А уйдут? — засомневался Ширяев. — Тогда наоборот — меняй, Николай, две больших на восемь маленьких. Я, конечно, специалист не ахти, из армии пришел, в уголовном розыске два года кантовался, до сих пор по ой работе скучаю. Но выдвинули! Ошибочка будет — обратно задвинут. Брать их надо, Саня! Сейчас мужиков подниму, потихонечку дом оцепим и обоих тепленькими слепим, прямо на простынках. Но тут машина зашипела вновь.

— Работать будете только со мной, — сказал Фоглер. — Вы ко мне привыкли, я к вам привык. У вас есть надежный человек?

— Есть, — неохотно сказал Волос. — Вы этого человека знаете.

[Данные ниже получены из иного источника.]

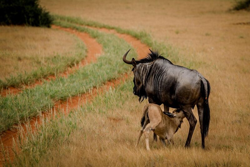 Jeden z malców odłącza się od reszty harcujących młodych i powoli podchodzi do matki. Jest malutki, niemal kruchy, z krótkim, miękkim futerkiem w ciepłym, rudawym odcieniu, który zupełnie nie przypomina przytłumionych, szaro-brunatnych tonów dorosłego gnu. Jego nogi wydają się zbyt długie w stosunku do ciała, a głowa nieproporcjonalnie wielka. Matka cierpliwie opuszcza łeb, pozwalając młodemu przybliżyć się do jej boku. Maluch przysysa się by po chwili wrócić do zabawy.
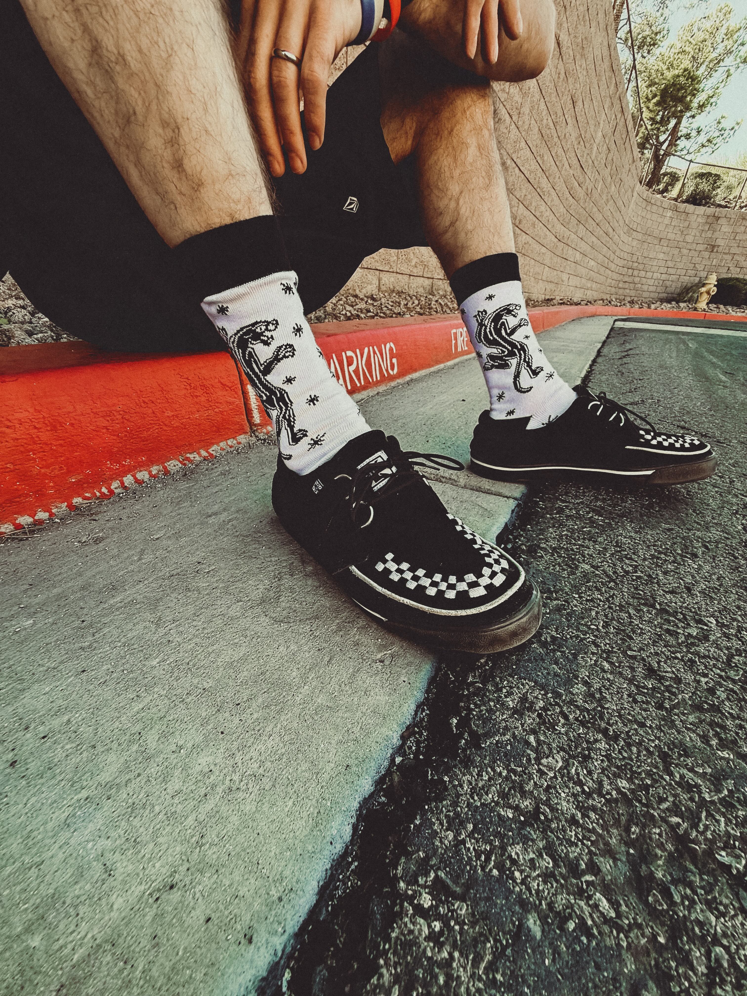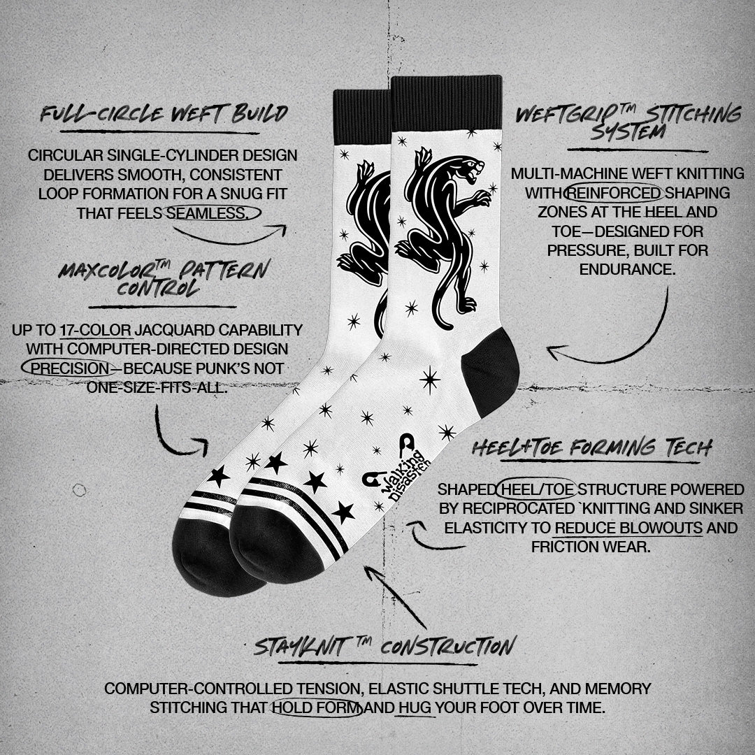 These socks are for those who've used up at least six lives already and are making the remaining three count. For those who know that survival isn't pretty, but it sure as hell is punk rock.

Васена, он во вспомогательной полиции служил, вы должны его по лагерю помнить.

— Это большой такой, — задумчиво спросил Фоглер. — Винтовка в его руках игрушечной казалась?

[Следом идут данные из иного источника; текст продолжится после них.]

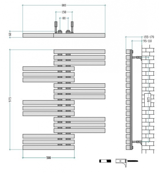 - Abstand Heizkörperfront bis Wand: 155-170 mm
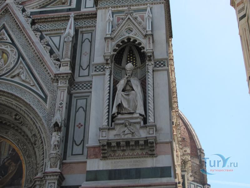Собор Санта Мария дель Фьоре находится в центре древнего города. Мраморное здание собора с резьбой завершается огромным куполом ржаво-красного цвета. Размеры Дуомо поражают воображение: 153 метра в длину и 90 метров в ширину. Сегодня Санта Мария дель Фьори является четвертым по величине собором мира, уступая только Собору Святого Петра в Ватикане, Собору Святого Павла в Лондоне и Миланскому Дуомо.
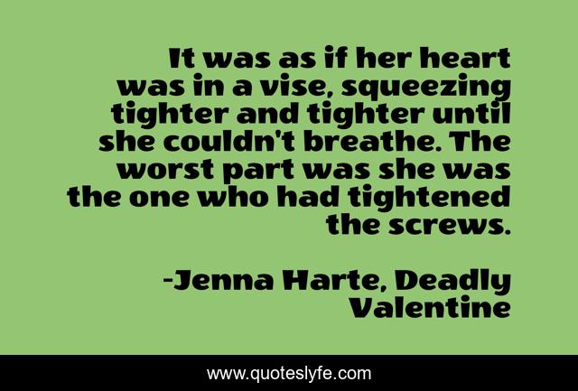 This page presents the quote "It was as if her heart was in a vise, squeezing tighter and tighter until she couldn't breathe. The worst part was she was the one who had tightened the screws.". Author of this quote is Jenna Harte, Deadly Valentine. This quote is about heartache, romance, heartbreak,.

— Он самый, — подтвердил Волос. — Только ему в сорок четвертом ногу ниже колена оторвало, теперь на костылях.

— Он подойдет, — сказал Фоглер. — Ваш Васена в лапы русской госбезопасности попасть не захочет, за ним много разного, да. Помню. Пусть Васена будет нашим связником. Свердловск знаете?

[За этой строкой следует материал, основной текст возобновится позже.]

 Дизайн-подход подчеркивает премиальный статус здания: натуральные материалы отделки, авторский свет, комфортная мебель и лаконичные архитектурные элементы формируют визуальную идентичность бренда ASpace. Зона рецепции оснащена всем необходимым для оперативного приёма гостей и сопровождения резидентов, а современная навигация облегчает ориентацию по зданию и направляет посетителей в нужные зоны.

— Бывал несколько раз, — не сразу отозвался Волос.

— Вот и хорошо, — не задавая уточняющих вопросов, подытожил собеседник. — Московский тракт образует угол с Верхне-Исетским бульваром, знаете? Там старая трехэтажка с колоннами, с левой стороны в подвале мастерская. Ваш Васена найдет меня там. Спросит Виктора Гавриловича, скажет, что сдавал в ремонт паяльную лампу.

— Но вы мне так и не сказали, что вас интересует, — неохотно сказал Волос. — Или вы нашли меня, чтобы мы могли поиграть в шпионов? Учтите, в нашей стране за это дают вышку. Указ в «Правде» от тринадцатого января читали? Спохватилось правительство, решило опять применить смертную казнь к изменникам родины, шпионам и подрывникам-диверсантам. Так что теперь без разницы, чем мы с вами заниматься будем — тайны на «Уралмаше» выведывать или поезда под откос пускать.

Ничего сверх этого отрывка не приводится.